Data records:
---*---

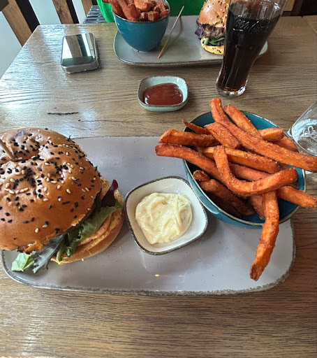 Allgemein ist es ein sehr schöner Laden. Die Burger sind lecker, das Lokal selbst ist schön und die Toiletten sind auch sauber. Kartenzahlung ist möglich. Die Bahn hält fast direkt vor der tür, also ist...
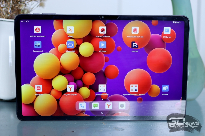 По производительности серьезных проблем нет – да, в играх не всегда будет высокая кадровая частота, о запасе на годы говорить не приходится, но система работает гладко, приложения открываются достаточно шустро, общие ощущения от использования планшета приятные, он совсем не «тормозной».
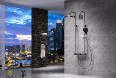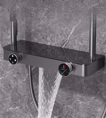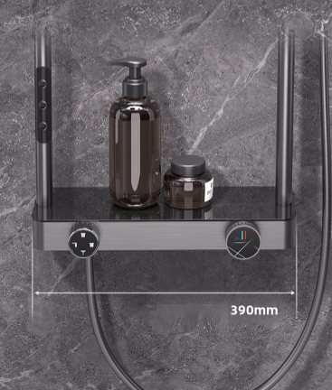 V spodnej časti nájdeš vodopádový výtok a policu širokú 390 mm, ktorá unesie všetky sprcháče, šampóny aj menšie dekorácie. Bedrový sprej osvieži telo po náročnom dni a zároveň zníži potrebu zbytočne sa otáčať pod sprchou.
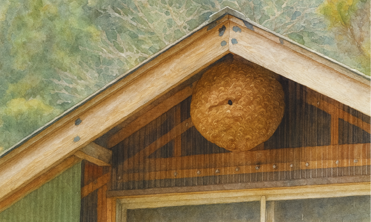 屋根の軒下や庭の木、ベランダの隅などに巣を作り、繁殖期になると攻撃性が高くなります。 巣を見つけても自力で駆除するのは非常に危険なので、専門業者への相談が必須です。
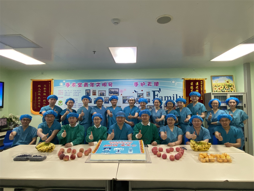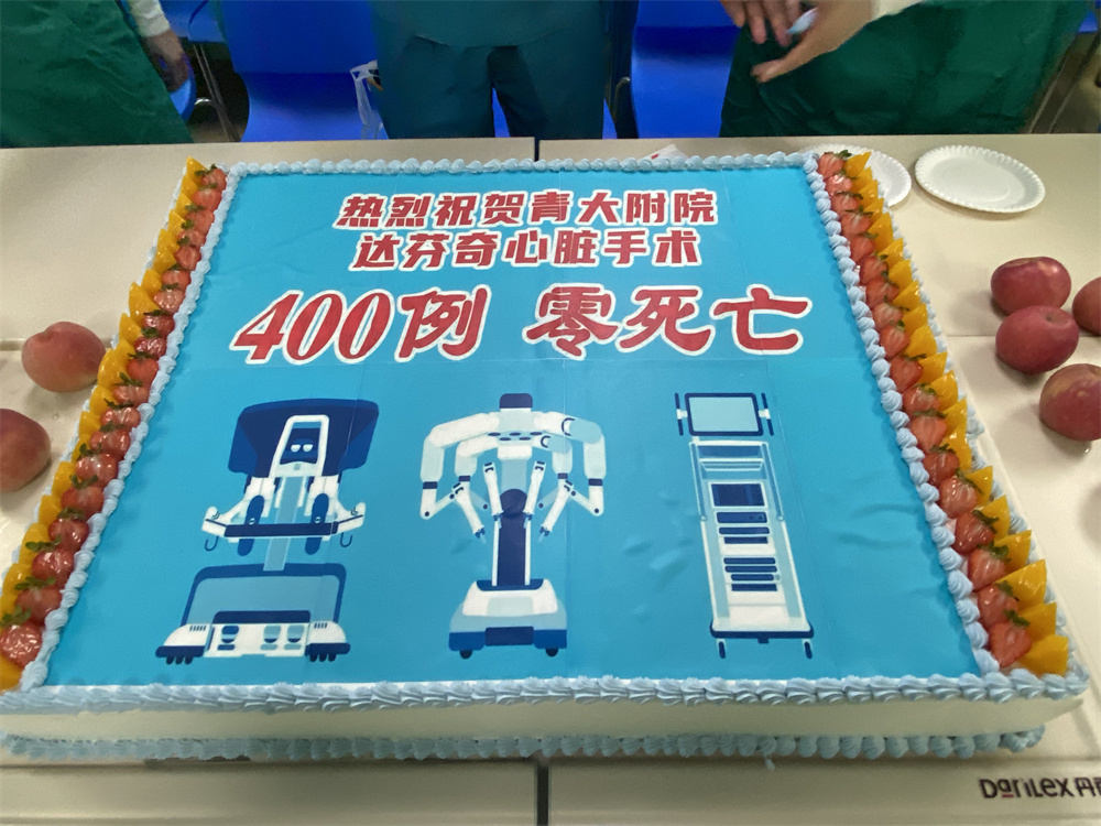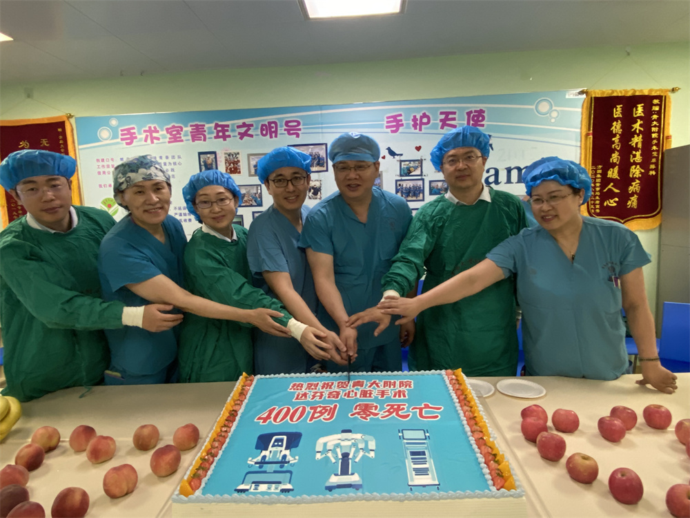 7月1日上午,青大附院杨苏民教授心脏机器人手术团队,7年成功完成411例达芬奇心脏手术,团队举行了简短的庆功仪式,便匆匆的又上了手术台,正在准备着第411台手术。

---*---

Skip the pictures and print exactly the lines from the one containing "屋根の軒下や庭の木、ベランダ" through the end of the records above.

RESULT OF THIS TASK:
 屋根の軒下や庭の木、ベランダの隅などに巣を作り、繁殖期になると攻撃性が高くなります。 巣を見つけても自力で駆除するのは非常に危険なので、専門業者への相談が必須です。
 7月1日上午,青大附院杨苏民教授心脏机器人手术团队,7年成功完成411例达芬奇心脏手术,团队举行了简短的庆功仪式,便匆匆的又上了手术台,正在准备着第411台手术。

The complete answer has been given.